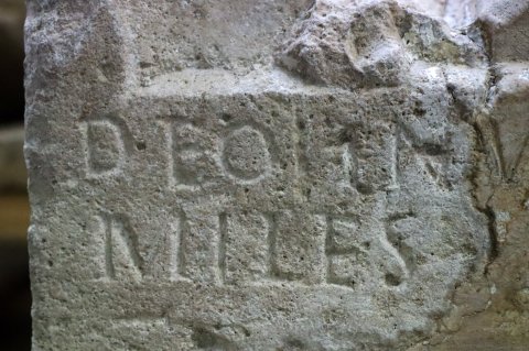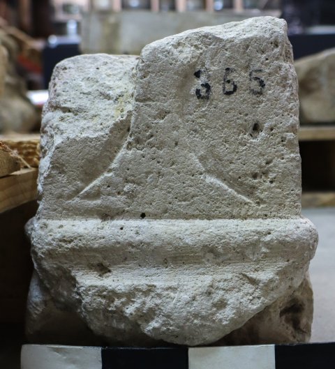 - Mythische Figur: auf der Vorderseite über der rahmenlosen Inschrift eingetiefte Bildnische. darin die gekreuzten Füße des Cautopates (oder Cautes ?). Auf der linken Nebenseite Umrisse eines Baums.
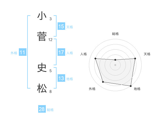 小菅 史松さんの総格は28画の1点!
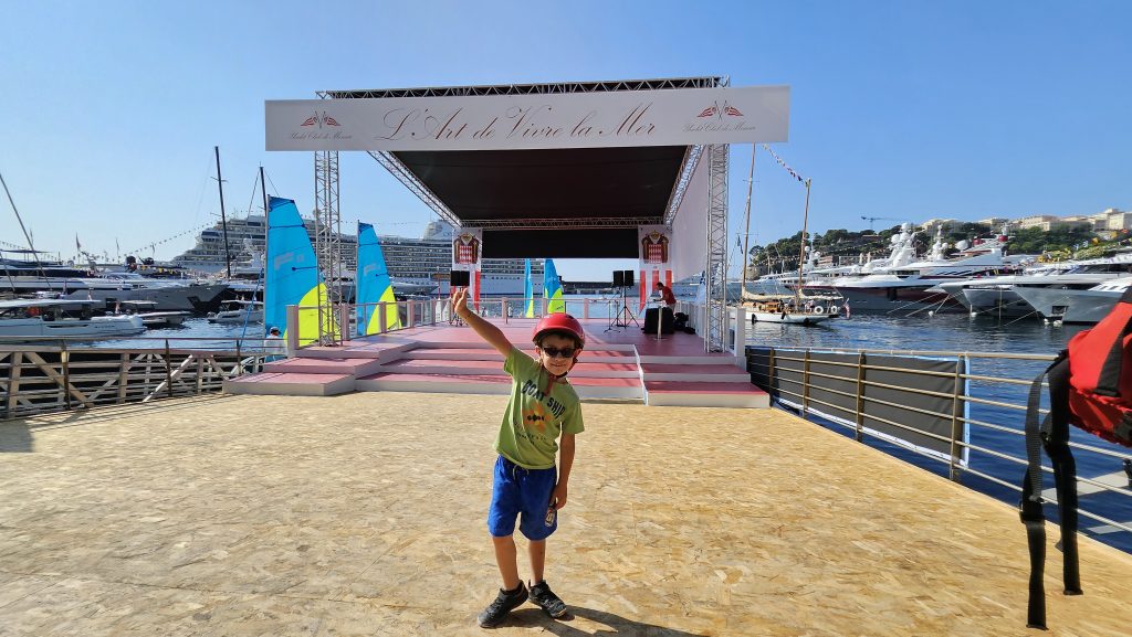 Sur le chemin du retour, à pied et en trottinette, la chaleur commençait à monter doucement. Nous avons contourné le Yacht Club, en pleine effervescence : les préparatifs de la Fête de la Mer et de la Fête de la Musique animaient déjà les quais. Une Monaco en fête, vibrante, comme un clin d’œil au départ imminent.
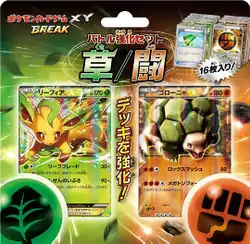 As its name implies, the Grass/Fighting Battle Strength Set features a selection of Grass-type and Fighting-type Pokémon, including focal Pokémon Leafeon and Golem, which appear as Pokémon-EX. The remaining cards of the 16-card set comprise supporting Trainer and Special Energy cards. Unlike the majority of fixed card releases in Japan, the set does not have its own collection number or symbol, with reprinted cards bearing numbers, symbols, and rarity from their source expansions, and new cards printed as XY-P Promotional cards. Each set also comes with a player's guide.
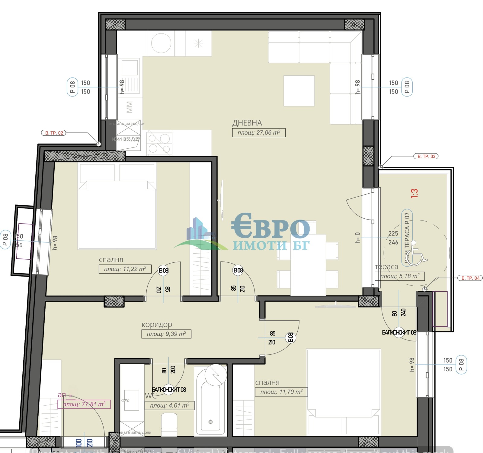 Просторен, ТРИСТАЕН АПАРТАМЕНТ с две изложения и функционално разпределение без преходи или загуба на квадратура. Широка ВСЕКИДНЕВНА с кухненски бокс, правилна форма, прозорци с естествена светлина от две посоки и площ от 27 кв.м., ДВЕ самостоятелни СПАЛНИ в стандартни размери, излаз към тераса от всекидневната и едната спалня, антре, баня с WC и голямо мазе със застроена площ от 6.8 кв.м.
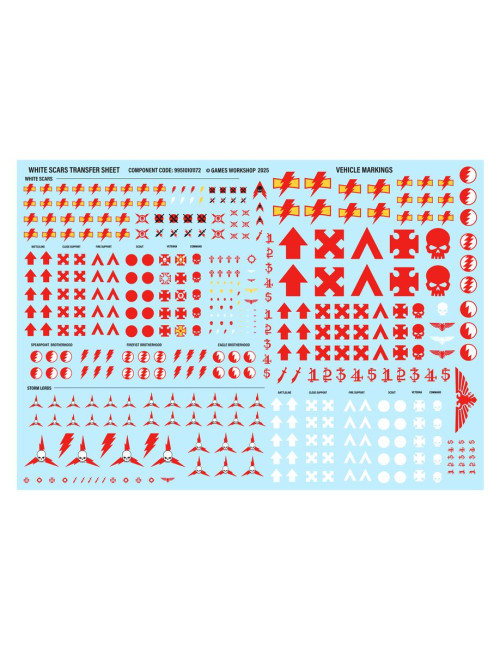 El kit viene con una nueva hoja de calcomanías para Cicatrices Blancas con 407 calcomanías al agua de gran calidad, con iconos del Capítulo, iconos de roles en batalla y números. También hay iconografía de las compañías de la Hermandad Punta de lanza, la Hermandad Puño de fuego y la Hermandad del Águila, así como del Capítulo sucesor de los Señores de las Tormentas.
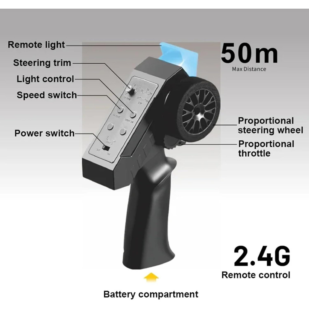 - Vezérlés: A 2,4 GHz-es négycsatornás távirányító stabil kapcsolatot és precíz vezérlést biztosít akár 50-100 méteres távolságból.
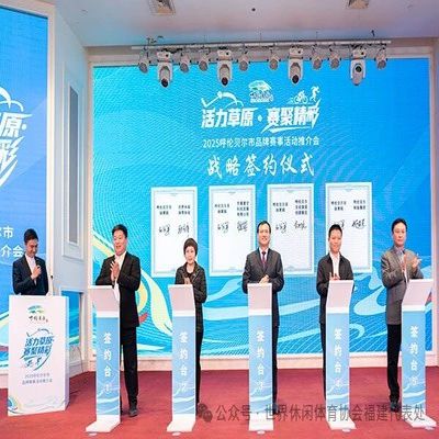 2025年5月9日,世界休闲体育协会主席张守伟受邀出席了在呼伦贝尔市举办的“活力草原·赛聚精彩——2025呼伦贝尔市品牌赛事活动推介会”,并代表协会与呼伦贝尔市体育局正式签署战略合作协议。
----
Output, word for word, the full listing above, with no pictures.

 - Mythische Figur: auf der Vorderseite über der rahmenlosen Inschrift eingetiefte Bildnische. darin die gekreuzten Füße des Cautopates (oder Cautes ?). Auf der linken Nebenseite Umrisse eines Baums.
 小菅 史松さんの総格は28画の1点!
 Sur le chemin du retour, à pied et en trottinette, la chaleur commençait à monter doucement. Nous avons contourné le Yacht Club, en pleine effervescence : les préparatifs de la Fête de la Mer et de la Fête de la Musique animaient déjà les quais. Une Monaco en fête, vibrante, comme un clin d’œil au départ imminent.
 As its name implies, the Grass/Fighting Battle Strength Set features a selection of Grass-type and Fighting-type Pokémon, including focal Pokémon Leafeon and Golem, which appear as Pokémon-EX. The remaining cards of the 16-card set comprise supporting Trainer and Special Energy cards. Unlike the majority of fixed card releases in Japan, the set does not have its own collection number or symbol, with reprinted cards bearing numbers, symbols, and rarity from their source expansions, and new cards printed as XY-P Promotional cards. Each set also comes with a player's guide.
 Просторен, ТРИСТАЕН АПАРТАМЕНТ с две изложения и функционално разпределение без преходи или загуба на квадратура. Широка ВСЕКИДНЕВНА с кухненски бокс, правилна форма, прозорци с естествена светлина от две посоки и площ от 27 кв.м., ДВЕ самостоятелни СПАЛНИ в стандартни размери, излаз към тераса от всекидневната и едната спалня, антре, баня с WC и голямо мазе със застроена площ от 6.8 кв.м.
 El kit viene con una nueva hoja de calcomanías para Cicatrices Blancas con 407 calcomanías al agua de gran calidad, con iconos del Capítulo, iconos de roles en batalla y números. También hay iconografía de las compañías de la Hermandad Punta de lanza, la Hermandad Puño de fuego y la Hermandad del Águila, así como del Capítulo sucesor de los Señores de las Tormentas.
 - Vezérlés: A 2,4 GHz-es négycsatornás távirányító stabil kapcsolatot és precíz vezérlést biztosít akár 50-100 méteres távolságból.
 2025年5月9日,世界休闲体育协会主席张守伟受邀出席了在呼伦贝尔市举办的“活力草原·赛聚精彩——2025呼伦贝尔市品牌赛事活动推介会”,并代表协会与呼伦贝尔市体育局正式签署战略合作协议。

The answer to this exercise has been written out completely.